◆ What to produce
Only the lines from the one containing "定期点検整備済み | ||" to the end of the data below belong in the answer, each repeated exactly; no pictures.

◆ Records
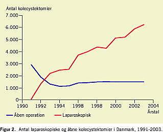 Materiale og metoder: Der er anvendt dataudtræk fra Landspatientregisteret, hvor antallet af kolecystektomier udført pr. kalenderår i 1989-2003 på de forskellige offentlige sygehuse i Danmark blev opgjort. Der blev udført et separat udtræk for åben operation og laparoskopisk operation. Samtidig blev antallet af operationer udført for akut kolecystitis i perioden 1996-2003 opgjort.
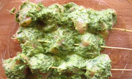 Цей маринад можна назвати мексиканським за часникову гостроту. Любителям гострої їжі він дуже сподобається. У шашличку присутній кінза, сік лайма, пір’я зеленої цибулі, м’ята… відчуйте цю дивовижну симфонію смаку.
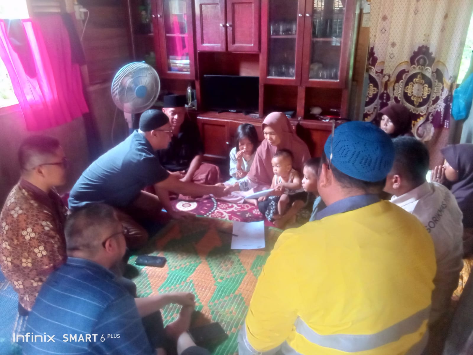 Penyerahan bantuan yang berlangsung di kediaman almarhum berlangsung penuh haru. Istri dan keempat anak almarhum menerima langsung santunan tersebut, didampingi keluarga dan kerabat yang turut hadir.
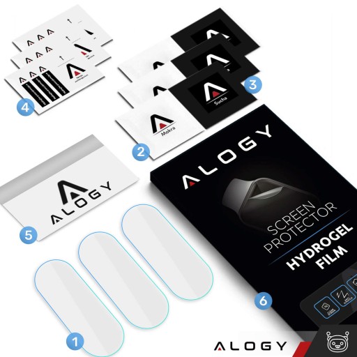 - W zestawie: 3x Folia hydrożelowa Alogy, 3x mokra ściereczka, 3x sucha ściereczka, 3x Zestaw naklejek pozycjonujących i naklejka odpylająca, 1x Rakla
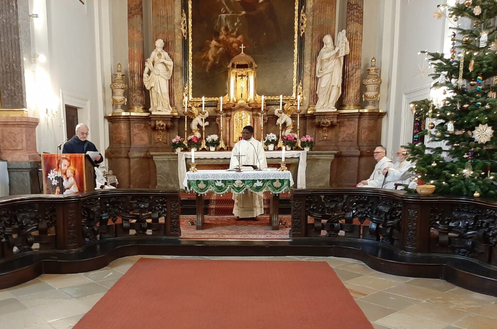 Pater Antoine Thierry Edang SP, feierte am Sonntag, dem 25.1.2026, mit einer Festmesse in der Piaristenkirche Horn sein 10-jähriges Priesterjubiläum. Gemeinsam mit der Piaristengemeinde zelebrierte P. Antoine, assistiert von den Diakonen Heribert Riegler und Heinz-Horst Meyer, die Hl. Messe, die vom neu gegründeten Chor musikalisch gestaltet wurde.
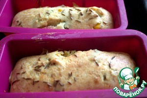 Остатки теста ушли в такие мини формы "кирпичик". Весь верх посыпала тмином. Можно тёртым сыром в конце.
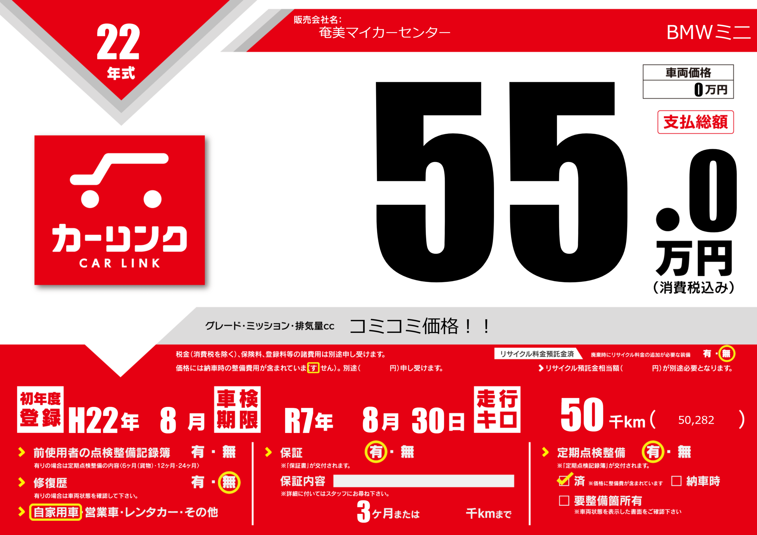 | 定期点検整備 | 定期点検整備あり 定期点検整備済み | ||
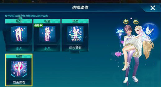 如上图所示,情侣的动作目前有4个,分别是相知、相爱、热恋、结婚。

◆ Output
 | 定期点検整備 | 定期点検整備あり 定期点検整備済み | ||
 如上图所示,情侣的动作目前有4个,分别是相知、相爱、热恋、结婚。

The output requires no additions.